───── GIVEN MATERIAL

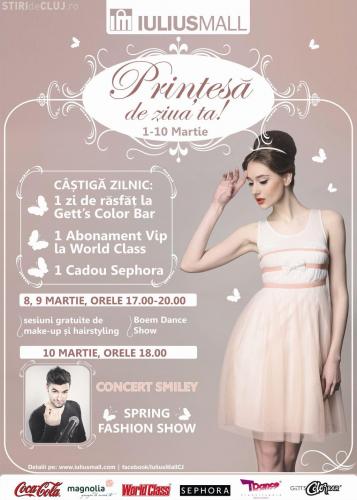 De asemenea, centrul comercial pregătește și alte surprize reprezentantelor sexului frumos. ”În primele zece zile ale lunii martie, Iulius Mall sărbătoreşte femeia prin evenimentele organizate în cadrul campaniei ”Prinţesă de ziua ta!”. Pe 10 martie 2013, de la ora 18.00, unul dintre cei mai iubiţi artişti ai momentului, Smiley, va încânta publicul feminin cu cele mai frumoase melodii de dragoste. Momentul muzical va fi completat cu Spring Fashion Show, prezentări de modă cu noile colecţii ale brandurilor din Iulius Mall.
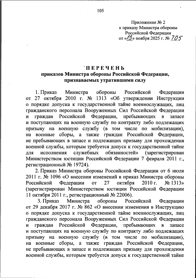 ПРИКАЗ Минобороны РФ от 13.11.2025 N 705
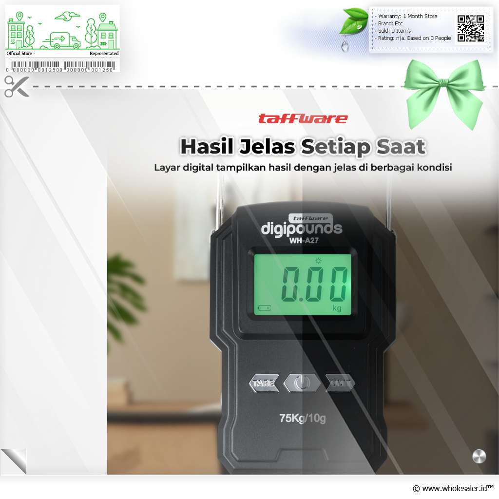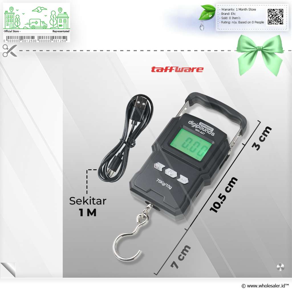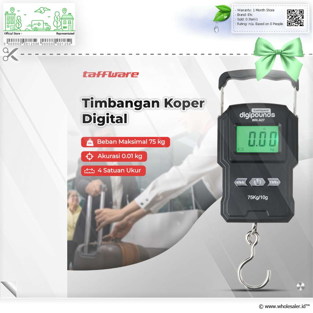 - 1 x Taffware Digipounds Timbangan Koper Tas Digital Scale 75kg 0.01kg - WH-A27
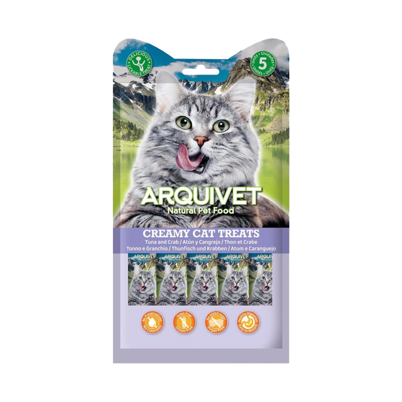 Les Snacks crémeux Thon & Crabe d'Arquivet sont des friandises liquides irrésistibles, riches en viande et poisson, conçues pour offrir une expérience gustative unique à votre félin tout en contribuant à son hydratation.

──────────

Are you able to set down all the lines above exactly, without any pictures?

 De asemenea, centrul comercial pregătește și alte surprize reprezentantelor sexului frumos. ”În primele zece zile ale lunii martie, Iulius Mall sărbătoreşte femeia prin evenimentele organizate în cadrul campaniei ”Prinţesă de ziua ta!”. Pe 10 martie 2013, de la ora 18.00, unul dintre cei mai iubiţi artişti ai momentului, Smiley, va încânta publicul feminin cu cele mai frumoase melodii de dragoste. Momentul muzical va fi completat cu Spring Fashion Show, prezentări de modă cu noile colecţii ale brandurilor din Iulius Mall.
 ПРИКАЗ Минобороны РФ от 13.11.2025 N 705
 - 1 x Taffware Digipounds Timbangan Koper Tas Digital Scale 75kg 0.01kg - WH-A27
 Les Snacks crémeux Thon & Crabe d'Arquivet sont des friandises liquides irrésistibles, riches en viande et poisson, conçues pour offrir une expérience gustative unique à votre félin tout en contribuant à son hydratation.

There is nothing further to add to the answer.